Crate sipp

source ·
Expand description

Simple parser package.

This package provides a ByteBuffer which wraps around a byte stream, and decoders such as Utf8Decoder which can wrap around a ByteBuffer, and a Parser which can be wrapped around a decoder. The end result is a Parser which lets you peek at characters to see what’s coming next, and then read expected characters. All fallible methods return a Result and no method in this package should ever panic.

§Examples

§Acornsoft Logo parser

Suppose you want to parse a (simplified) set of Acornsoft Logo instructions, such that you only want to accept the “FORWARD”, “LEFT”, and “RIGHT” instructions, and each instruction must come on a line of its own (separated by a newline character), and each instruction is followed by any number of space characters, which is then followed by a numeric amount. Example input might look like this:

FORWARD 10
RIGHT 45
FORWARD 20
RIGHT 10
FORWARD 5
LEFT 3

You could use sipp to parse these instructions using code like this:

let input = "FORWARD 10\nRIGHT 45\nFORWARD 20\nRIGHT 10\nFORWARD 5\nLEFT 3";
// We know that Rust strings are UTF-8 encoded, so wrap the input bytes with a Utf8Decoder.
let decoder = Utf8Decoder::wrap(input.as_bytes());
// Now wrap the decoder with a Parser to give us useful methods for reading through the input.
let mut parser = Parser::wrap(decoder);
// Keep reading while there is still input available.
while parser.has_more()? {
    // Read the command by reading everything up to (but not including) the next space.
    let command = parser.read_up_to(' ')?;
    // Skip past the (one or more) space character.
    parser.skip_while(|c| c == ' ')?;
    // Read until the next newline (or the end of input, whichever comes first).
    let number = parser.read_up_to('\n')?;
    // Now either there is no further input, or the next character must be a newline.
    // If the next character is a newline, skip past it.
    parser.accept('\n')?;
}

§Comma-separated list parser

Given a hardcoded string which represents a comma-separated list, you could use this package to parse it like so:

let input = "first value,second value,third,fourth,fifth,etc";
let buffer = ByteBuffer::wrap(input.as_bytes());
let decoder = Utf8Decoder::wrap_buffer(buffer);
let mut parser = Parser::wrap(decoder);
let mut value_list = Vec::new();
// Keep reading while input is available.
while parser.has_more()? {
    // Read up to the next comma, or until the end of input (whichever comes first).
    // If there is nothing between two commas then just insert an empty string.
    let value = parser.read_up_to(',')?.unwrap_or("".to_string());
    value_list.push(value);
    // Now either there is no further input, or the next character must be a comma.
    // If the next character is a comma, skip past it.
    parser.accept(',')?;
}

assert_eq!(value_list.iter().map(|s| s.to_string()).collect::<Vec<String>>(),
vec!["first value", "second value", "third", "fourth", "fifth", "etc"]);

§Release notes

§0.1.0

Initial release.

§0.1.1

  • Added has_more method to Parser.
  • Adjusted rustdoc based on advice found in Rust API Guidelines, primarily in separating out error descriptions from the lede and moving them into a dedicated “Errors” section within each method’s rustdoc comment.

§0.2.0

Altered return type of public method Parser.read_up_to(char) so that it now returns None instead of an empty String.
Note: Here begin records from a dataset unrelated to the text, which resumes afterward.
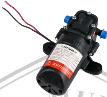
Gambar 2.7 Pompa Air DP-521

Pompa air merupakan alat yang mengkonversikan energi mekanik menjadi kinetik, dimana alat ini digunakan untuk memindahkan cairan atau fluida dari suatu tempat ke tempat yang lain. Dalam alat ini pompa akan bekerja dengan digerakkan oleh motor dimana pompa ini akan berfungsi untuk mengisi cairan didalam botol. Pada dasarnya pompa memiliki banyak jenis dan juga ukuran serta bahan pembuatan tergantung kebutuhan. Prinsip kerja dari pompa ini juga sederhana yaitu dengan mendorong air dari sumber yang telah ditentukan lalu air tersebut akan dipindahkan menggunakan impeller.
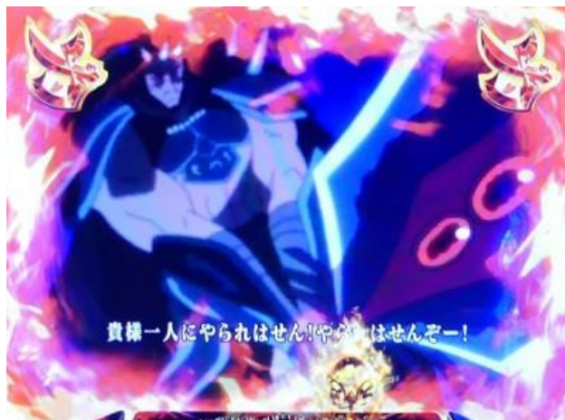
與邪鬼王的最終決戰，發展時為大好機！
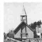
神戸市立 フルーツ・フラワーパーク
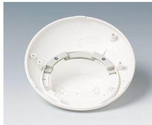
B5111707 Anti-rotation device ABS (UL 94 HB) off-white RAL 9002
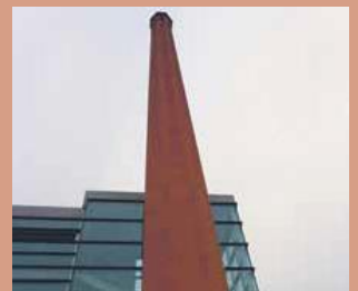
La xemeneia data del segle XIX

En breu començaran les obres de rehabilitació de la xemeneia de Cal Gallifa, un dels símbols del passat industrial de Sant Joan de Vilatorrada. Amb un pressupost de 18.000 euros els operaris col·locaran una bastida per fer la reconstrucció de la coronació i reparació d'alguns elements per evitar nous desprendiments.
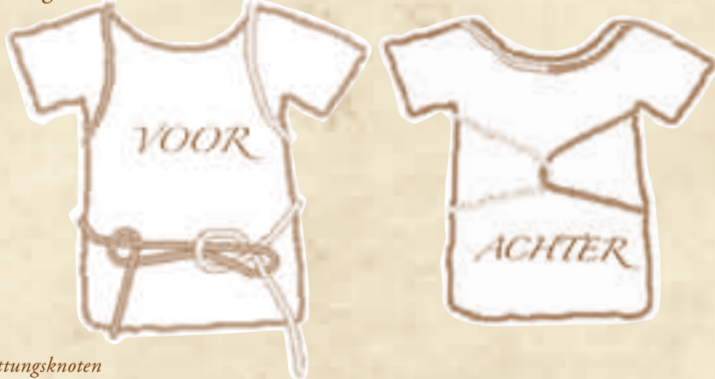
Lijkknop / Rettungsknoten

Eerst wordt in de tamp een oog gelegd waarna de tap van anderen af door het oog gehaald en achter het staande part om van boven naar onderen door het oog wordt gestoken. Wordt het vaste oog om de eigen tros gelegd, dan krijgt men een lopende paalsteek die kan worden vastgetrokken. De steek is goed geschikt voor het redden van personen. Hij moet dan wel gezekerd worden met een halve slag.
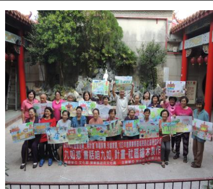
圖 3. 長輩參與社區文化故事繪本
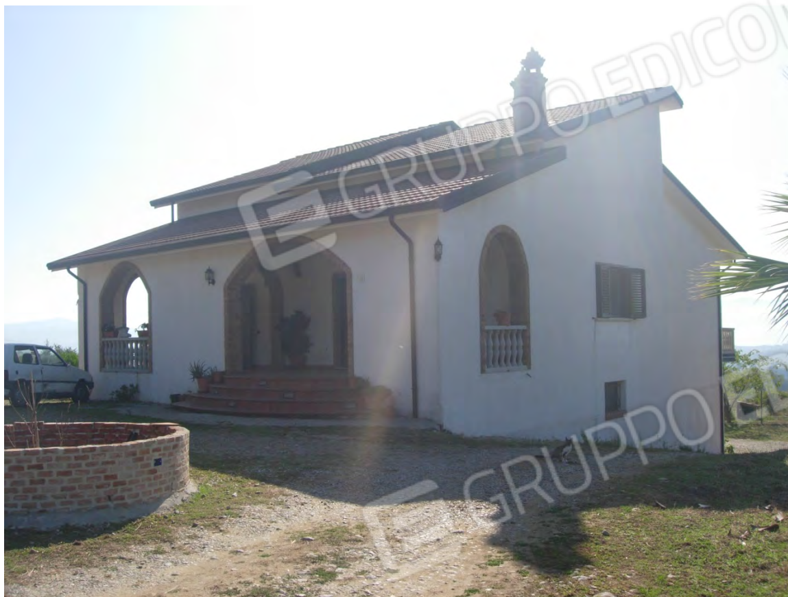
Foto 1: l'accesso al fabbricato oggetto di stima, si notano i tre livelli. Al piano terra, con l'entrata, si estende l'abitazione, al piano inferiore dei magazzini, mentre al livello superiore, sottotetto, sono presenti dei locali allo stato rustico.
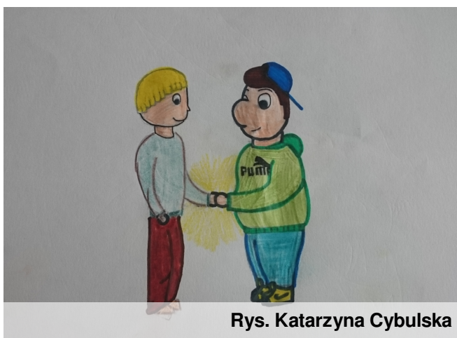
Rys. Katarzyna Cybulska
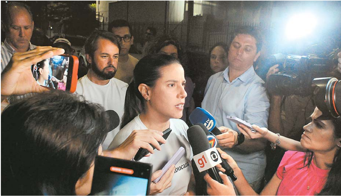
Governadora: “O nosso sonho, o de todos, é reerguer a igreja antes do 8 de dezembro”

trução. “Um Termo de Fomento será feito e a gente vai repassar os recursos, dando todo o apoio técnico para que os nossos engenheiros possam ajudar no novo projeto para a igreja. Iremos também fazer o trabalho dos laudos, das investigações para identificar a razão do que aconteceu aqui e garantir também o processo de reconstrução da igreja”, informou a governadora.
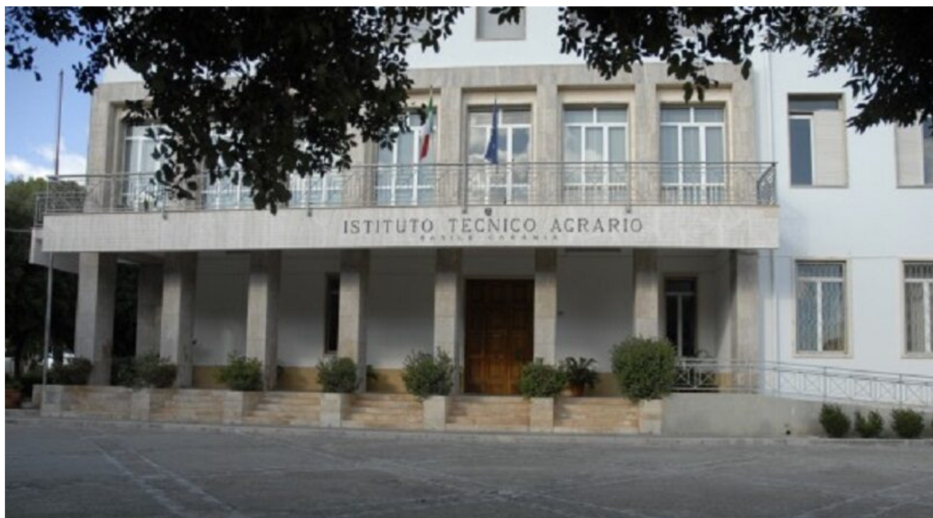
Istituto Tecnico Agrario "Basile-Caramia" - Locorotondo

Dall'anno scolastico 1996 - 1997 l'Istituto è stato accorpato sotto gli aspetti dirigenziali e di coordinamento amministrativo all'Istituto Tecnico Agrario "F. Gigante" di Alberobello. Dal 2001 le due sedi sono state accomunate sotto l'unico nome di ISTITUTO TECNICO AGRARIO STATALE "B. CARAMIA" - "F. GIGANTE" con ordinamento speciale per la viticoltura ed enologia - Locorotondo - Alberobello.
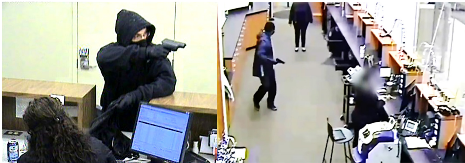
Kẻ cướp có súng đeo mặt nạ vào cướp tại ngân hàng Bank of America tại County Route, Pine Island ngày 24/11

Xu hướng sử dụng công nghệ để thực hiện hành vi phạm tội
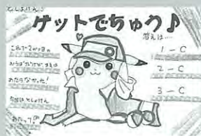
PN. ピカチュウ 11歳
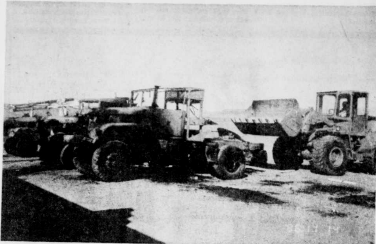
Les camions de l'armée soviétique auront bien souffert de leur mauvaise rencontre avec James Bond. Une benne mécanique les dégage du plateau de tournage de Ouarzazate.

niers et sa verdoyante palmeraie, il y a tout pour vous écrier... "y aurait-il un rôle pour moi dans un "re-make" du Cheik d'Arabie?"
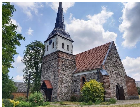
Ryc. 5. Kościoły: pw. Świętej Rodziny w Chrapowie (po lewej) i pw. Matki Boskiej Częstochowskiej w Przekolnie (po prawej)

Z okresu od XV do XVIII w. pochodzi pięć kolejnych świątyń: w Będargowie, Boguszynach, Bolewicach, Niesporowicach i Sarniku. Większość z nich nosi ślady różnych przekształceń przeprowadzonych w II poł. XIX i I poł. XX w., gdy na szeroką skalę odnawiano obiekty sakralne, dostosowując budynki do zmieniających się potrzeb funkcjonalnych i obowiązujących gustów. Przeważnie zachowywano oryginalne mury obwodowe kościołów, zmieniając formy i wielkość otworów okiennych i dodając nowe detale (np. ceramiczne fryzy podokapowe). Często praktyką było dobudowywanie do istniejącego korpusów nawowych wież zachodnich o formach nawiązujących do architektury neogotyckiej. Czasem przemurowywano lub murowano na nowo szczyty naw, co wiązało się z remontem lub wymianą dawnych więźb dachowych. Spośród tej grupy świątyń wyróżnia się kościół w Niesporowicach – wyjątkowo bogatym rozwiązaniem portalu południowego ze śladami dawnych polichromii.

Adjusted examples and unit tests accordingly.

Modules§

  • A buffered wrapper around a Read type, providing read and peek methods.
  • A decoder of bytes into characters. The trait ByteStreamCharDecoder can be implemented for different character encodings, and implementations are included for UTF-8, and UTF-16 (in big-endian and little-endian byte order).
  • A parser which can wrap a character stream and provide methods to read and peek at the stream.